Re-think of Dataset Upload & Validation

[x] Remove options for default fclasses and timespans.
[x] For the simplest possible UX, consider removing all other optional (metadata) inputs (these values can be added later, before publication).
[ ] Allow zipped uploads
[x] Extract any existing metadata from .lpsjon
[ ] Autosuggest dataset name

Resources

/datasets/templates/datasets/dataset_create.html datasets.views.DatasetCreate datasets.forms.DatasetUploadForm

Robustness & Maintainability: Data Formats, Validation, & Insertion

The current code for validation and database-insertion of JSON datasets spans 118 lines; by contrast, that for delimited text datasets (ds_insert_delim and its helper functions) spans 475 lines and is commensurately more difficult to maintain and extend.

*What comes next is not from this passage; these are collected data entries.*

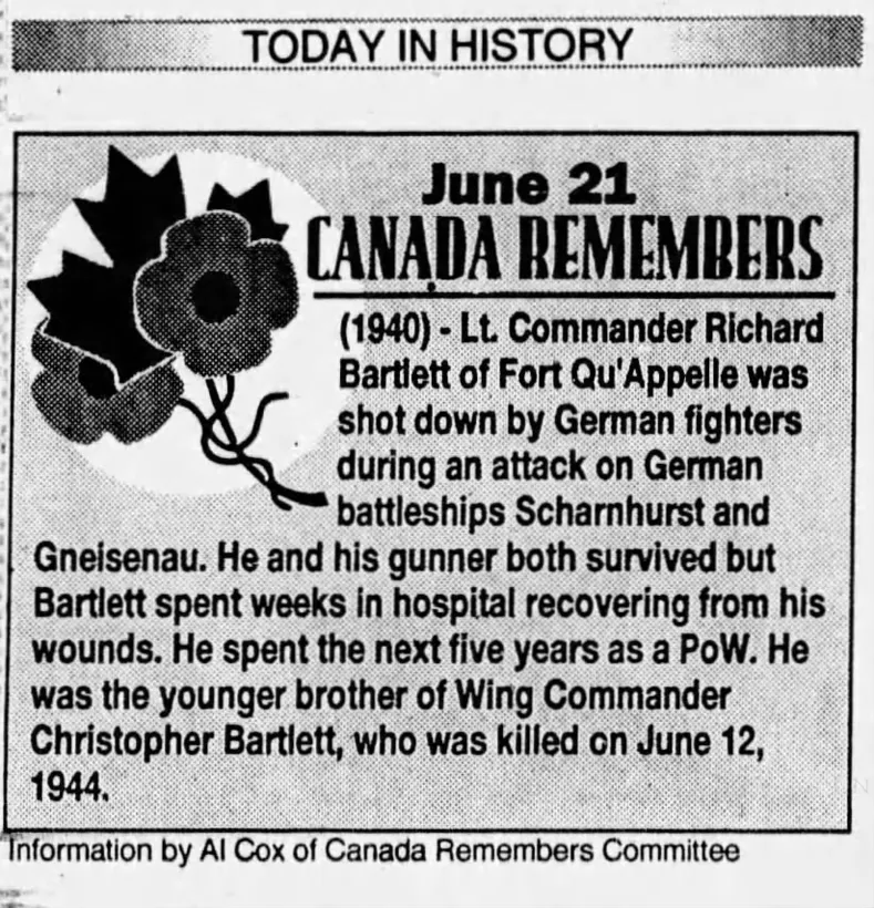 Lt(A) Bartlett was BROTHER of W/C C S Bartlett (RAFVR)(Can), killed in action 1944-06-13 on 434 Squadron Halifax LW 173 WL-K during an operation over Arras, France
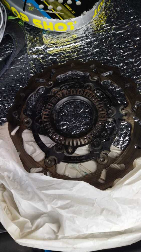 En ese momento, también nos dimos cuenta de que la bomba de freno se había quedado gripada y el pistón no recuperaba correctamente, así que buscando en una pagina de segunda mano conseguimos todos los elementos de la frenada por muy buen precio... Pero no todo iba a ser tan fácil, ya que al ser de un modelo anterior, el disco de freno no tenia las hendiduras para la rueda fonica del ABS, pero nada que un buen tornero no pueda solucionar!! Asi que tomamos medidas en el trozo del disco original y lo llevamos a modificar.
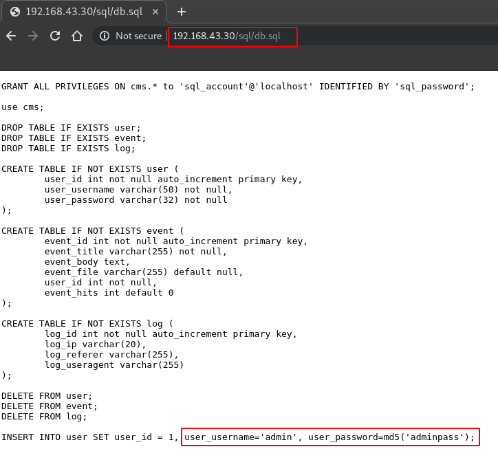 Upon traversing through sql/ directory, we found a db.sql and when opened it gave us all the information about the database including username and password just as shown in the image below:
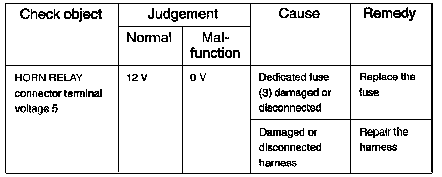 Horn Relay Power Supply Circuit Continuity Table:
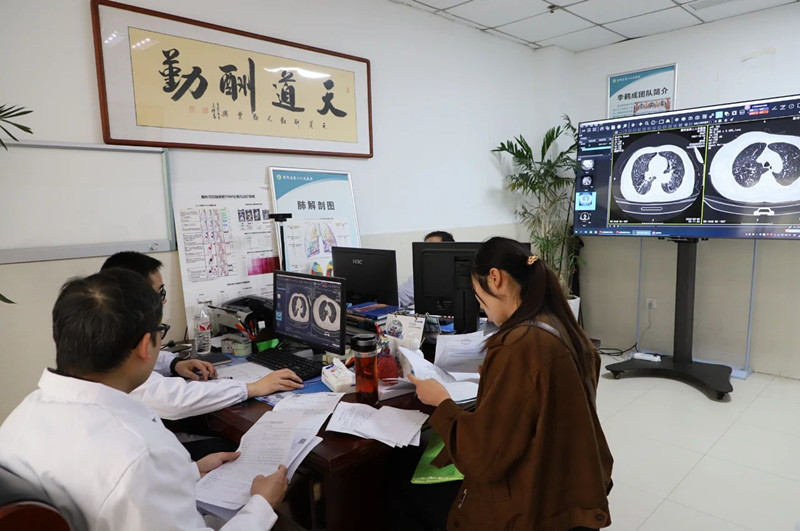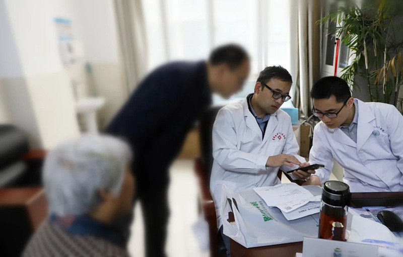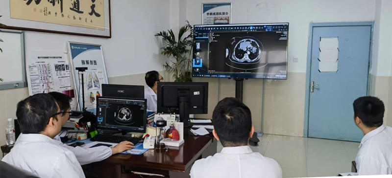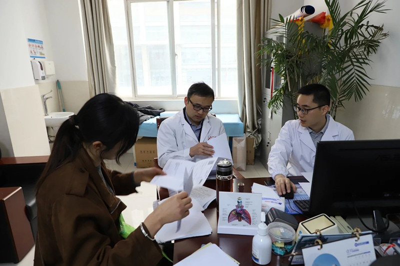 在县二院门诊部二楼“李鹤成名医工作室”现场,李成强博士为第四期预约而来的30余名患者耐心细致地进行诊疗分析、提供建议和提醒注意事项,并耐心解答患者提出的疑问。其精湛的医术、亲切的态度,给就诊患者留下了深刻的印象,赢得了患者的好评。坐诊结束后,李成强博士带领县二院胸外科团队开展教学查房、疑难病例会诊讨论、专科业务学习暨学术交流活动。

The pandas library (already in use) indicates a way to simplify not only the codebase but also the preparation of datasets, with its json_normalize method. Using it with recursion into nested structures, LPF JSON can be converted to delimited text reversibly and without any loss of data. The entire LPF JSON feature example given at https://github.com/LinkedPasts/linked-places-format could, for example, could be transformed into the following 80 flattened columns:

type | @id | properties.title | properties.ccodes.0 | properties.fclasses.0 | when.timespans.0.start.in | when.timespans.0.end.in | when.periods.0.name | when.periods.0.@id | when.periods.1.name | when.periods.1.@id | when.label | when.duration | when.certainty | names.0.toponym | names.0.lang | names.0.citations.0.label | names.0.citations.0.year | names.0.citations.0.@id | names.0.when.timespans.0.start.in | names.1.toponym | names.1.lang | names.1.when.timespans.0.start.in | names.1.when.certainty | types.0.identifier | types.0.label | types.0.sourceLabels.0.label | types.0.sourceLabels.0.lang | types.0.when.timespans.0.start.in | geometry.type | geometry.geometries.0.type | geometry.geometries.0.coordinates.0 | geometry.geometries.0.coordinates.1 | geometry.geometries.0.when.timespans.0.start.in | geometry.geometries.0.when.timespans.0.end.in | geometry.geometries.0.citations.0.label | geometry.geometries.0.citations.0.@id | geometry.geometries.0.certainty | geometry.geometries.1.type | geometry.geometries.1.coordinates.0 | geometry.geometries.1.coordinates.1 | geometry.geometries.1.geowkt | geometry.geometries.1.when.timespans.0.start.in | geometry.geometries.1.certainty | links.0.type | links.0.identifier | links.1.type | links.1.identifier | links.2.type | links.2.identifier | links.3.type | links.3.identifier | links.4.type | links.4.identifier | links.5.type | links.5.identifier | relations.0.relationType | relations.0.relationTo | relations.0.label | relations.0.when.timespans.0.start.in | relations.0.when.timespans.0.end.in | relations.1.relationType | relations.1.relationTo | relations.1.label | relations.1.when.timespans.0.start.in | relations.2.relationType | relations.2.relationTo | relations.2.label | relations.2.when.timespans.0.start.in | relations.2.citations.0.label | relations.2.citations.0.year | relations.2.citations.0.@id | relations.2.certainty | descriptions.0.@id | descriptions.0.value | descriptions.0.lang | depictions.0.@id | depictions.0.title | depictions.0.license

The format is extensible for larger arrays (but unlike LPF JSON does not accommodate metadata, which would need to be provided separately, as is already the case for LP-TSV). Most datasets would probably use considerably fewer columns, and any delimited text which uses this column-naming convention could be converted to LPF JSON. WHG users could submit flattened LPF (f-LPF?) as an alternative to LP-TSV. Could be useful to allow JSON objects in uploads to reduce number of required columns; citations could be uploaded as delimited text in the form property | value (following a template).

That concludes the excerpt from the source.